* **What to do**: Your copy should hold only the lines from the one with "Een praktische provisiekast" to the one with "the official description.", both included, each exactly as it stands below, with no pictures.

* **Recorded information**:
::::::::
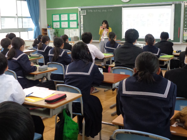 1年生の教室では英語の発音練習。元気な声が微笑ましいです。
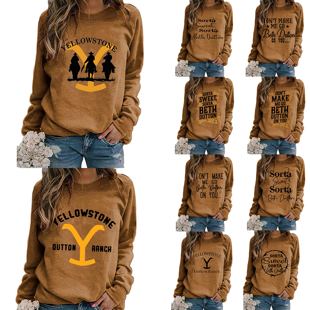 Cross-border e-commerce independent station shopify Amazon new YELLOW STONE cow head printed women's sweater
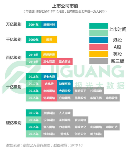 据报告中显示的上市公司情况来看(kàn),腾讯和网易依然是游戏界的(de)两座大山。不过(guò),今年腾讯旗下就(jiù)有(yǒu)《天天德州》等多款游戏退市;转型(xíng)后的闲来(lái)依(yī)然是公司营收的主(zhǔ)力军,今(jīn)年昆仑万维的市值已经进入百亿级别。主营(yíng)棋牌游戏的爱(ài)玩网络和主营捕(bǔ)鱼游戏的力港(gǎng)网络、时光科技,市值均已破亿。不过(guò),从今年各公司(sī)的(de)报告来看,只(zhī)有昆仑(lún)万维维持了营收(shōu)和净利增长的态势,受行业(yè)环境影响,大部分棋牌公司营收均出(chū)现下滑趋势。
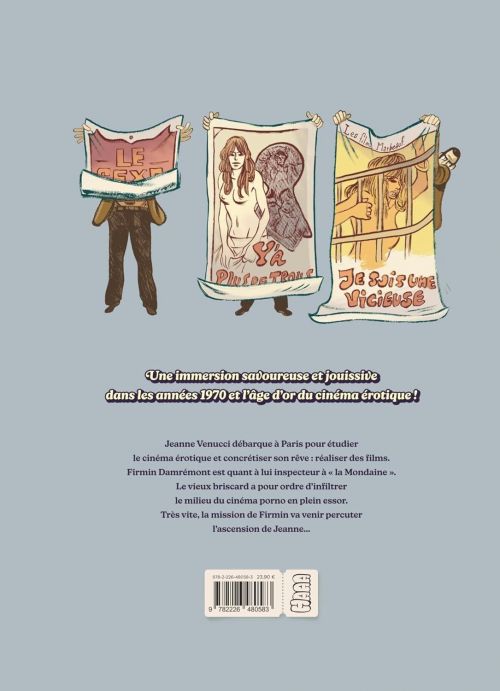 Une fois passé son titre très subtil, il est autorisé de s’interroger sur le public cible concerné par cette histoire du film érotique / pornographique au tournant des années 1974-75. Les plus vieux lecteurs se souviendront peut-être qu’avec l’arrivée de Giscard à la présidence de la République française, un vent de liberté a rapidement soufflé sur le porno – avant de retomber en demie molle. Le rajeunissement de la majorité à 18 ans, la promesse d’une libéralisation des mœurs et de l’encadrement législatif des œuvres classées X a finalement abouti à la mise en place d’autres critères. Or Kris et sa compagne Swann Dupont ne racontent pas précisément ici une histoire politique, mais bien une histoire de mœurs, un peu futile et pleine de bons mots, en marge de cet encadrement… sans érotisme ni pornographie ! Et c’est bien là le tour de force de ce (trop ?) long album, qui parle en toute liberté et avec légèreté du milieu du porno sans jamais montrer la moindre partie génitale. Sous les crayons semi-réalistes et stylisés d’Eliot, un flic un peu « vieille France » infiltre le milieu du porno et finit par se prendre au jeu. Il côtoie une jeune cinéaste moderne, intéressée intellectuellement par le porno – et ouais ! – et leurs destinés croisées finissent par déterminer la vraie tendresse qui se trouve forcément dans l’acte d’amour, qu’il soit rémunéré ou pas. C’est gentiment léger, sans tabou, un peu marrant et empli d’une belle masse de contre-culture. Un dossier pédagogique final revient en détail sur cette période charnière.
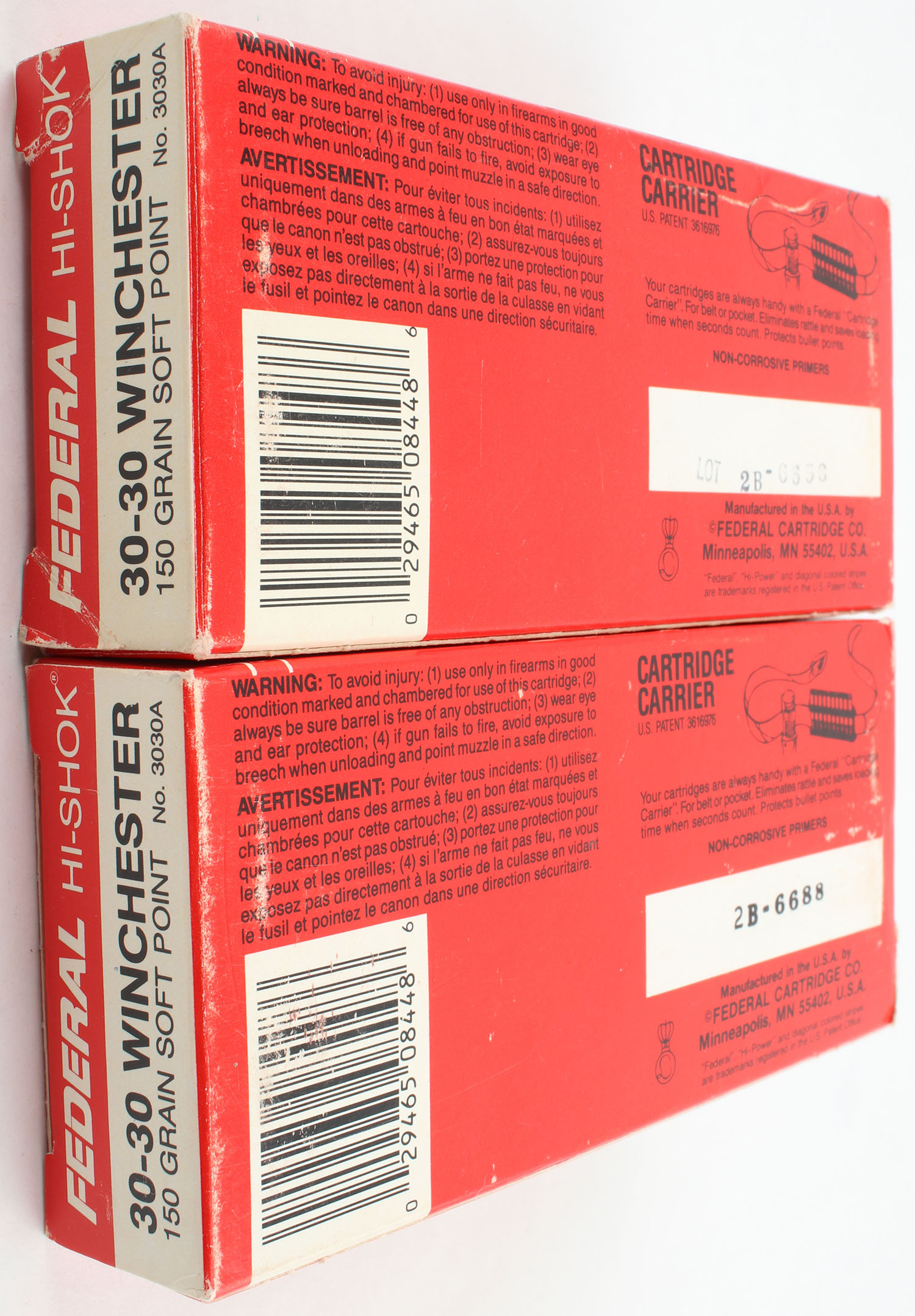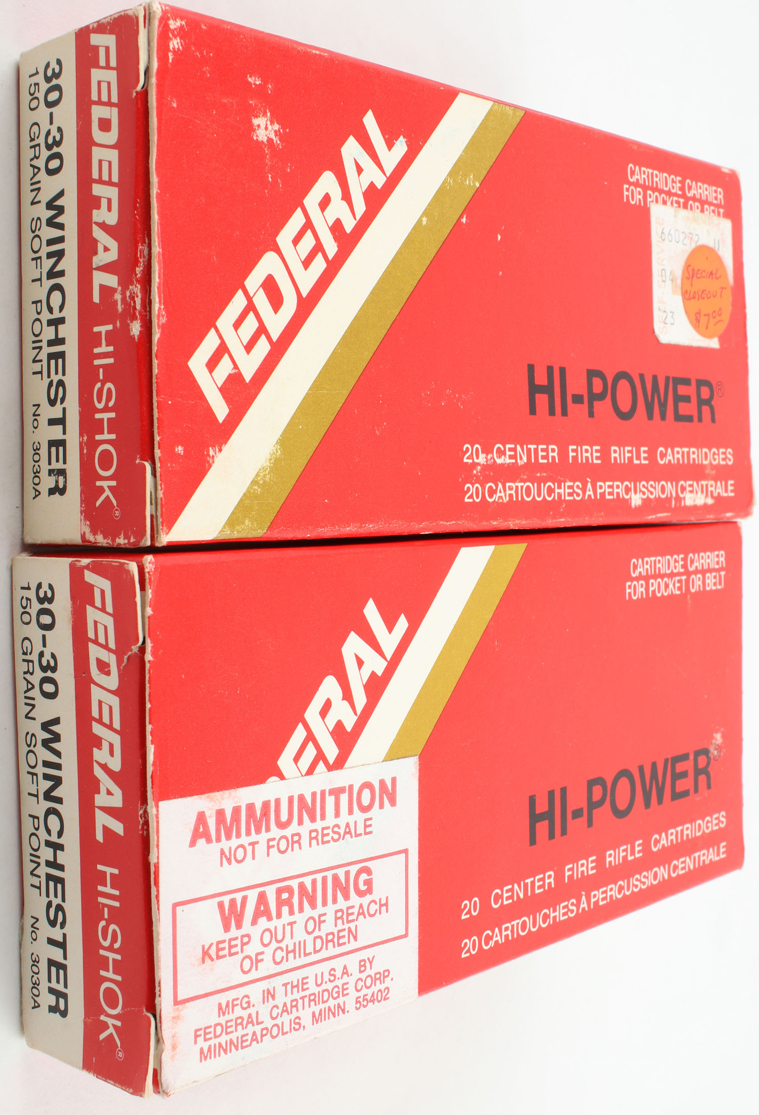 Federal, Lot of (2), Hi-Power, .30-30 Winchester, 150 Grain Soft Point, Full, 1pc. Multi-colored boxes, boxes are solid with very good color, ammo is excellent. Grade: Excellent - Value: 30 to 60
::::::::
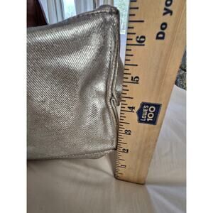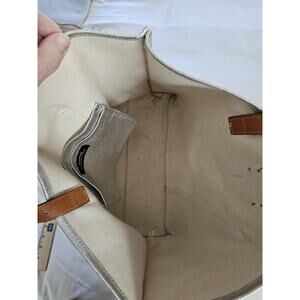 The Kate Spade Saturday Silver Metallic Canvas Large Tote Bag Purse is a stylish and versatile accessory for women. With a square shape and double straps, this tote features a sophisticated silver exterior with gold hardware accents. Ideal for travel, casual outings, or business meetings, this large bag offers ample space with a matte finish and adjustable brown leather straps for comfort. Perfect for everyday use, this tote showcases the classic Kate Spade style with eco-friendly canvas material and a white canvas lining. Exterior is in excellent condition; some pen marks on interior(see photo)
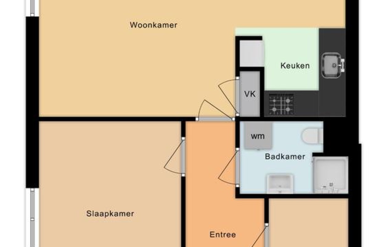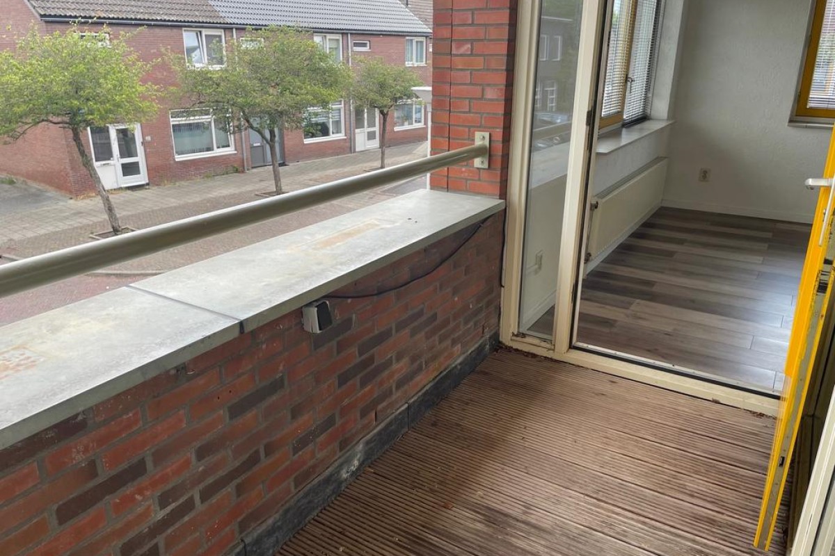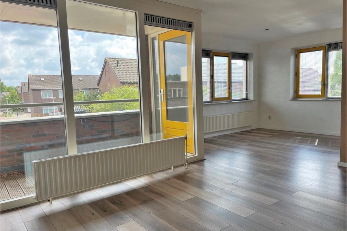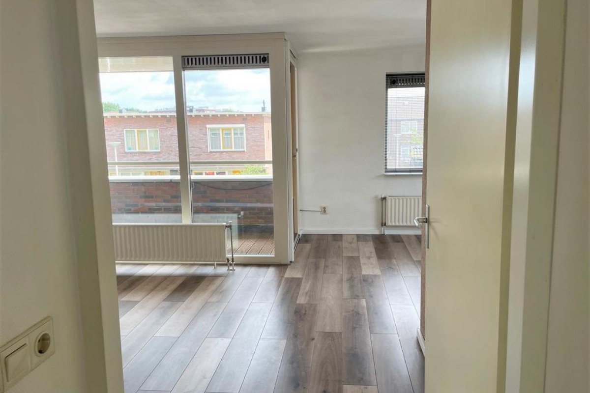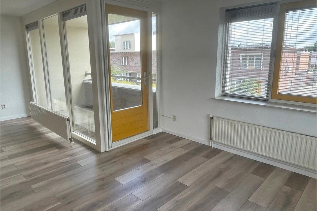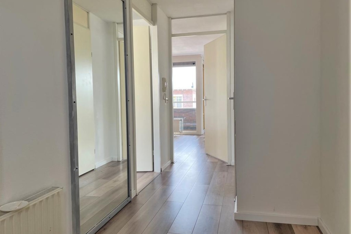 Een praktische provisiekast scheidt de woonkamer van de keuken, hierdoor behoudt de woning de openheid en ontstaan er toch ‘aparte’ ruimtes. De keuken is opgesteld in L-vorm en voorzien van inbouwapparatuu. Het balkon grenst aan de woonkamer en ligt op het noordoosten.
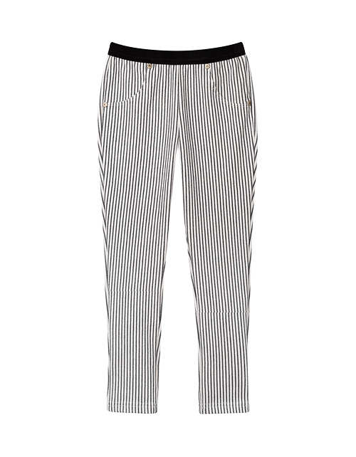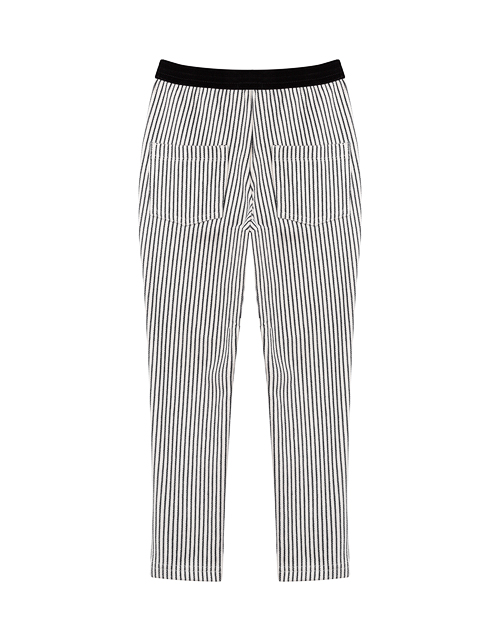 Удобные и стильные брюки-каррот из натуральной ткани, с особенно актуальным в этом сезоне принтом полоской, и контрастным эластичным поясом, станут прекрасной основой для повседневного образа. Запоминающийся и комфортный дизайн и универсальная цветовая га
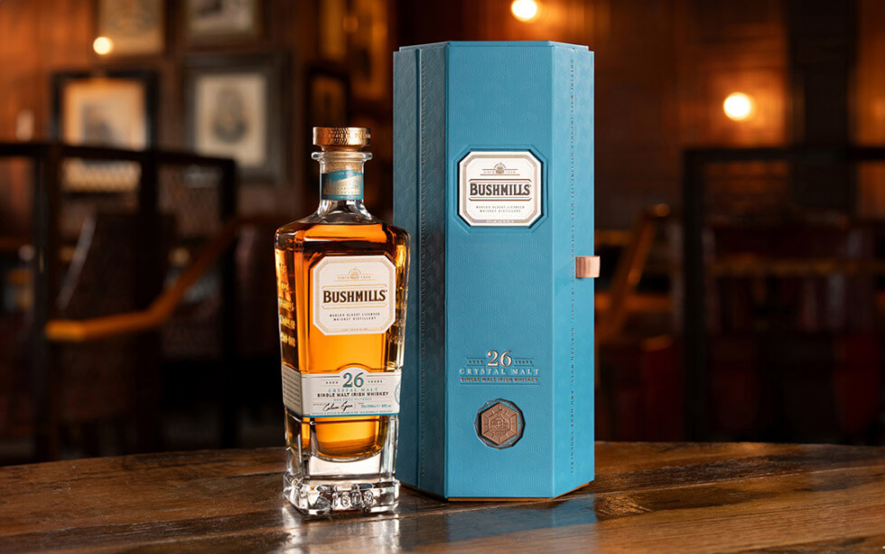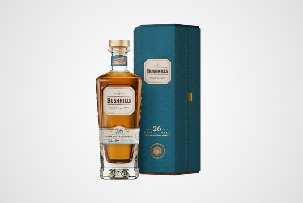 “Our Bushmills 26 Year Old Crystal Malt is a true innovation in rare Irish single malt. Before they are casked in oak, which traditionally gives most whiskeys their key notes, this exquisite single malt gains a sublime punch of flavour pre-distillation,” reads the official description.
::::::::
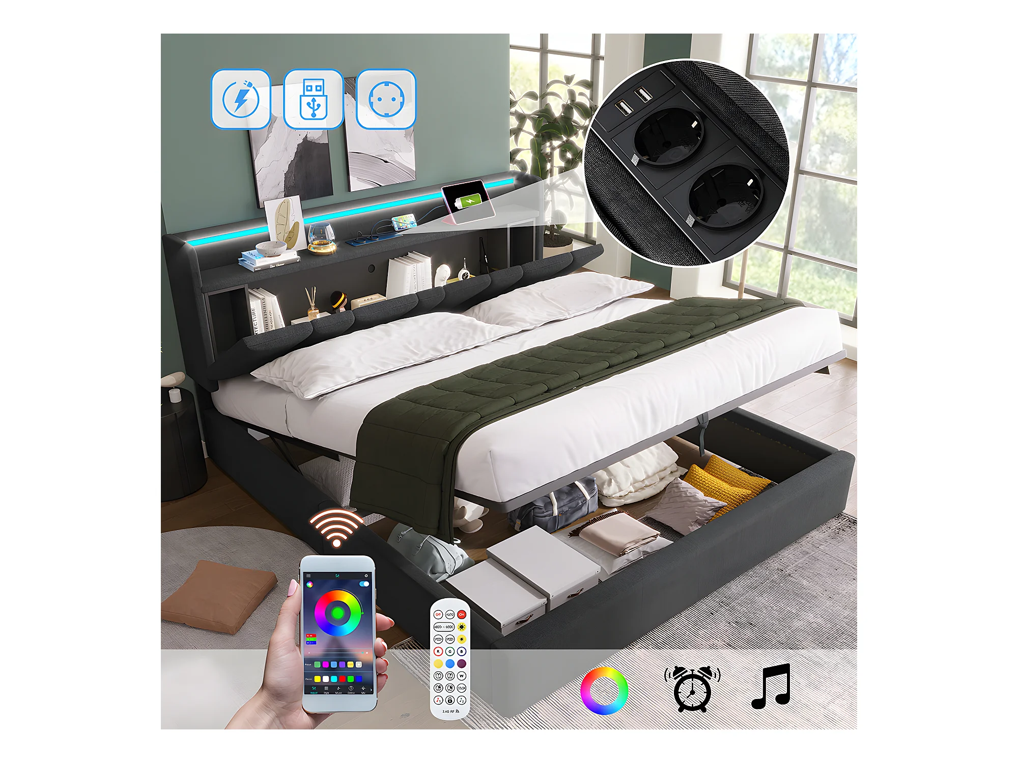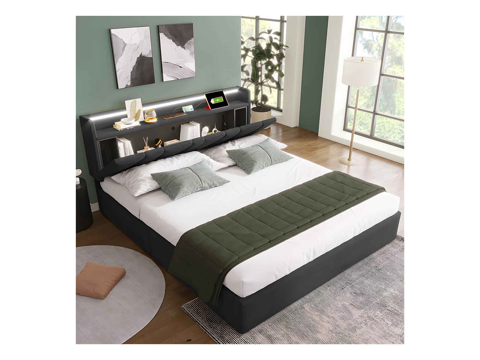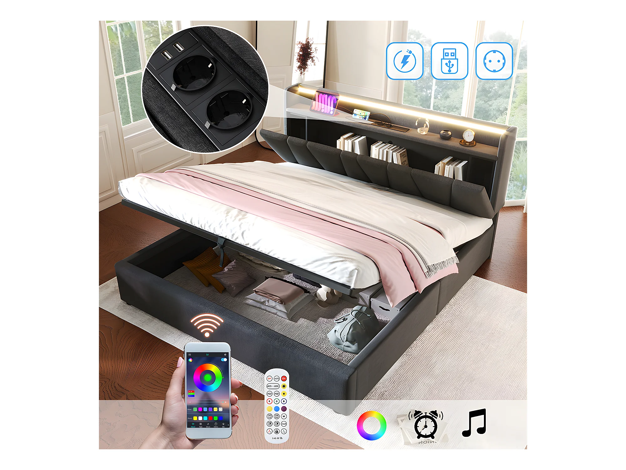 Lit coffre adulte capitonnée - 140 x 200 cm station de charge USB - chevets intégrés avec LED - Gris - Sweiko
::::::::
* **Expected answer**:
 Een praktische provisiekast scheidt de woonkamer van de keuken, hierdoor behoudt de woning de openheid en ontstaan er toch ‘aparte’ ruimtes. De keuken is opgesteld in L-vorm en voorzien van inbouwapparatuu. Het balkon grenst aan de woonkamer en ligt op het noordoosten.
 Удобные и стильные брюки-каррот из натуральной ткани, с особенно актуальным в этом сезоне принтом полоской, и контрастным эластичным поясом, станут прекрасной основой для повседневного образа. Запоминающийся и комфортный дизайн и универсальная цветовая га
 “Our Bushmills 26 Year Old Crystal Malt is a true innovation in rare Irish single malt. Before they are casked in oak, which traditionally gives most whiskeys their key notes, this exquisite single malt gains a sublime punch of flavour pre-distillation,” reads the official description.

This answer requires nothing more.